A simple and well designed structure is essential for any machine learning project, project template that combines simplicity, best practice for CODE structure and good CODE design. The main idea is that there's much same stuff you do every time when you start our machine learning project, so wrapping all this shared stuff will help you to change just the core idea every time you start our machine learning project.
So, here’s a simple readme template that help you get into our project faster and just focus on your notice and explainations, etc)
In order to decrease repeated code shunks, increase the time that can read the code in, flexibility an reusability we used a functional programming structure that focused on split all problems in our project in functions and use that functions many times in many places in the code without repeating the code.
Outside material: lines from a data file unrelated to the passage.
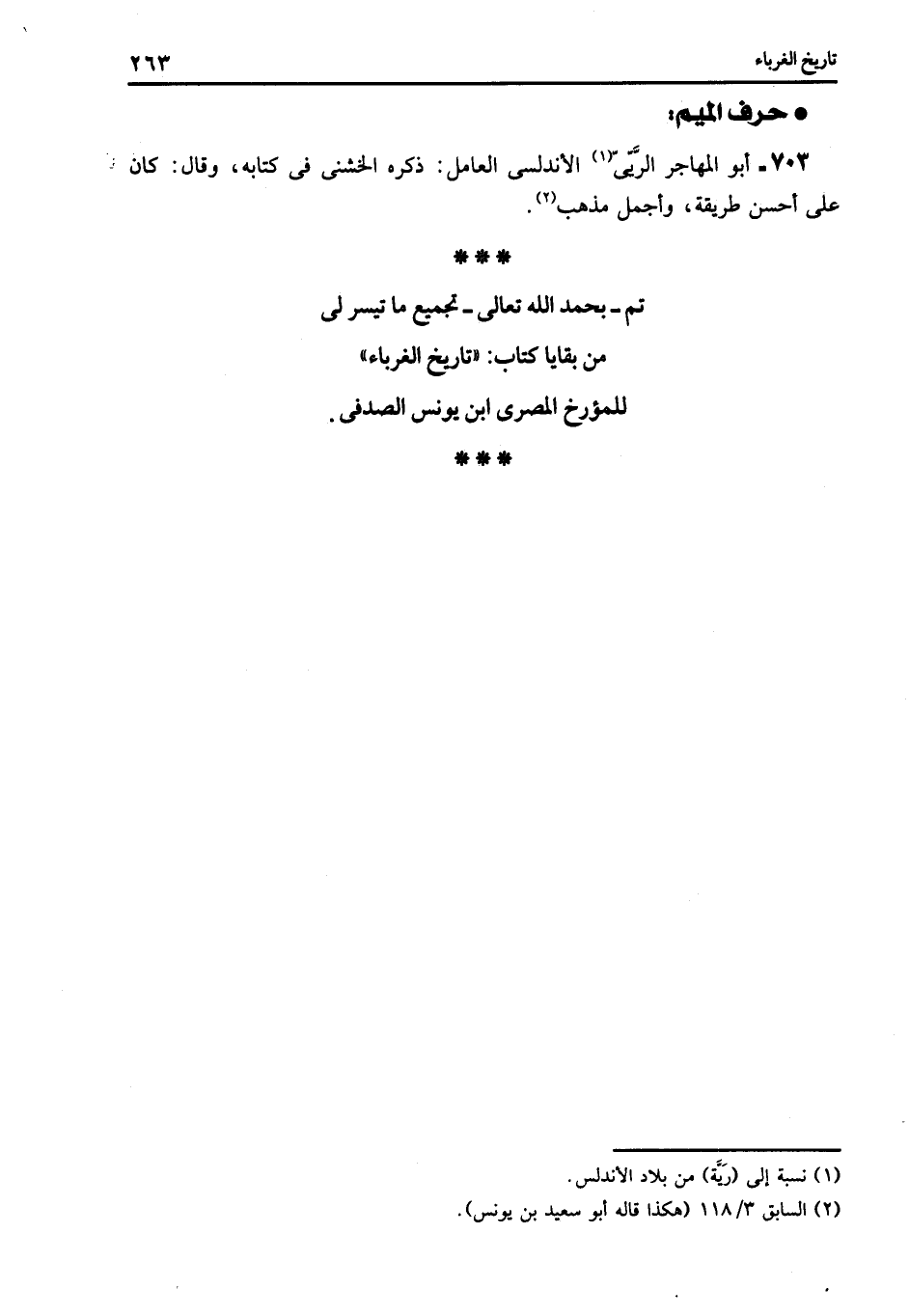 *** تم- بحمد الله تعالى- تجميع ما تيسر لى من بقايا كتاب: «تاريخ الغرباء» للمؤرخ المصرى ابن يونس الصدفى.
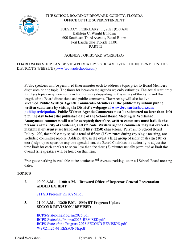 Document outlines the agenda for the School Board Workshop of Broward County, detailing the schedule of presentations and topics to be discussed, including public participation instructions and policies
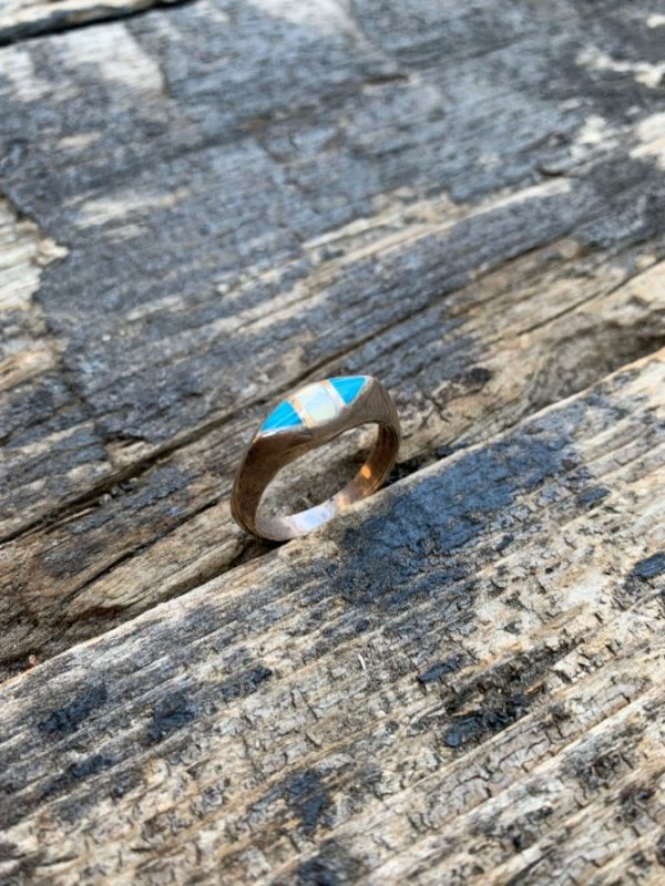 STERLING SILVER MARQUISE SHAPED DESIGN RING INLAY TURQUOISE & MOTHER OF PEARL STONES *STAMPED

In this project, we selected some books from the Gutenburg library from different categories and then select random paragraphs from them and labeled these paragraphs by the book name for ground truth. After creating the dataset we used many transformation algorithms to embed the text to numbers for the modeling processes like (Word Embedding,LDA, TF_IDF, BOW, Cohernce)
After this, we tried many clustering algorithms like(K-means, Expected-maximization(EM), and Hierarchical) and chose the champion one which achieved the kappa and silhouette score.
Recommended using GPU to compile the code much faster. But it works well for CPU too.
- GPU takes around 40 min, while CPU may take hours.
- numpy (The fundamental package for scientific computing with Python)
- pandas (pandas is a fast, powerful, flexible and easy to use open source data analysis and manipulation tool, built on top of the Python programming language.)
- Pytorch-Transformers (High-level library to help with text augmentation using deep learning in PyTorch)
- sklearn (TMachine Learning and Data Analysis Library in Python)
- nltk (The fundamental package for Natural Language Procesing with Python)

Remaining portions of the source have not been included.